After your change it will always tag things with something like
<image_id>
or
latest-<image_id>
. So basically the tag gets unstable which makes it unsuitable for caching.
l
i see
g
And everytime I make a code change now it will build the entire image completely from scratch.
l
i think
i need to talk to someone
g
which takes a LOOOT of time 😛
l
And everytime I make a code change now it will build the entire image completely from scratch.
g
yeah docker is confusing
FYI always tagging every build and push with
latest
and using the
latest
tag as --cache-from is a very simple strategy that speeds up builds in many cases, but a slightly more sophisticated and better strategy would be probably this: 1. tag and push each image with the git_sha of HEAD 2. before build pulumi should attempt to pull
<image_name>:<git_sha_HEAD>
. If it could successfully pull this, use it --cache-from . If not, attempt to pull
<image_name>:<git_sha_HEAD~1>
and use this as --cache from. Repeat this process until an image could be pulled successfully (maybe stop doing so after 5 iterations or until HEAD~5).
This strategy should make it possible to reuse a lot of cached layers for most builds.
l
could you potentially open an issue with that suggestion?
g
ok sure
fyi in https://github.com/pulumi/pulumi-docker/issues/32 @white-balloon-205 discusses on an abstract level the same thing 🙂 . Intelligently tagging and using --cache-from to speed up builds.
l
question that isn't quite clear to me
wouldn't this part be incorrect:
If not, attempt to pull <image_name>:<git_sha_HEAD~1>
wouldn't that discount any changes you made yourself?

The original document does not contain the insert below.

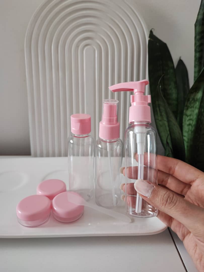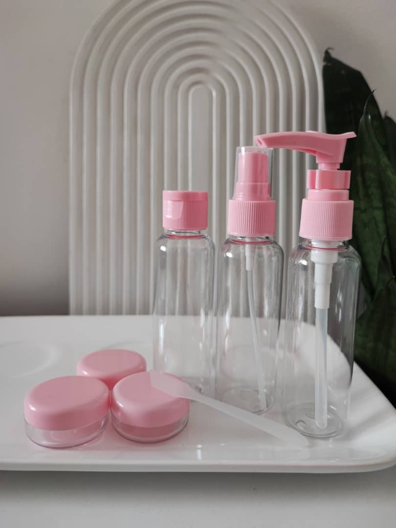 پک بطری مسافرتی 6 تیکه با کیفیت مناسب برای ریختن میسلار واتر، تونر، شامپو، ضدآفتاب، لوسیون، شوینده و … شامل ۲ عدد بطری، ۱ عدد اسپری،3 عدد کاسه کوچک دارای جنس با دوام

This needs probably some additional thought for determining what tag to push if the git working directory was dirty at the time of build.
one thing we're considerign is not to use a git hash, but our own hash of file system contents. we already have that concept for other parts of our system (for example, it's how we know what to update when node_modules changes)
however, for docker, we feel like it would need to be opt-in. because, after all, any docker build could produce a different output, even if hte contents on disk stayed teh same.
g
wouldn’t that discount any changes you made yourself?
Nope, if I use
<git_sha_HEAD~1
as cache-source docker will attempt to reuse as many layers as possible from the cached image, but it will still detect local source code changes or local dockerfile changes (that are different from the cached image) and build the corresponding layers from scratch.
l
ok. so just so i understand as well, what is the reason for not using cache from stages like: cacheFrom: {stages: ["some_id"]}
?
g
Well first of all in order to use
cacheFrom: {stages: ...}
I would have to add multiple stages to each dockerfile which is some additional work (and shouldn’t be required to get good caching). Second I think after your change even when using
cacheFrom: {stages:... }
each stage will be tagged with something like
<stageName>-<image_id>
. So each of the stages doesn’t have a predictable tag to pull from either.
In general stages are a feature that imho shouldn’t be bothered with to get good remote caching. It’s imho an unrelated docker feature and that was created for a different purpose and not to improve caching.
l
ok. i think i have a lot to learn about this
i'm really hesitant about pulumi having any knowledge of things like git hashes
g
If anything multi-stage docker builds are even harder to optimize for good remote caching.
The problem is if you don’t use git hashes, but instead your own file hashing, how will you determine the hash of an ancestor commit or anchestor build?
l
I honestly don't know 🙂 i don't have any good answers as i don't really understand this space well enough.
g
Ok, now that I think about it. If you store a pulumi specific hash in the checkpoint you could read it from there. The disadvantage of this would be that you probably can’t read the hash across stacks. This means that each stack’s docker images would be cached separately which is suboptimal when having a large number of stacks of the same project or when attempting to quickly create ephemeral stacks like we do in some cases.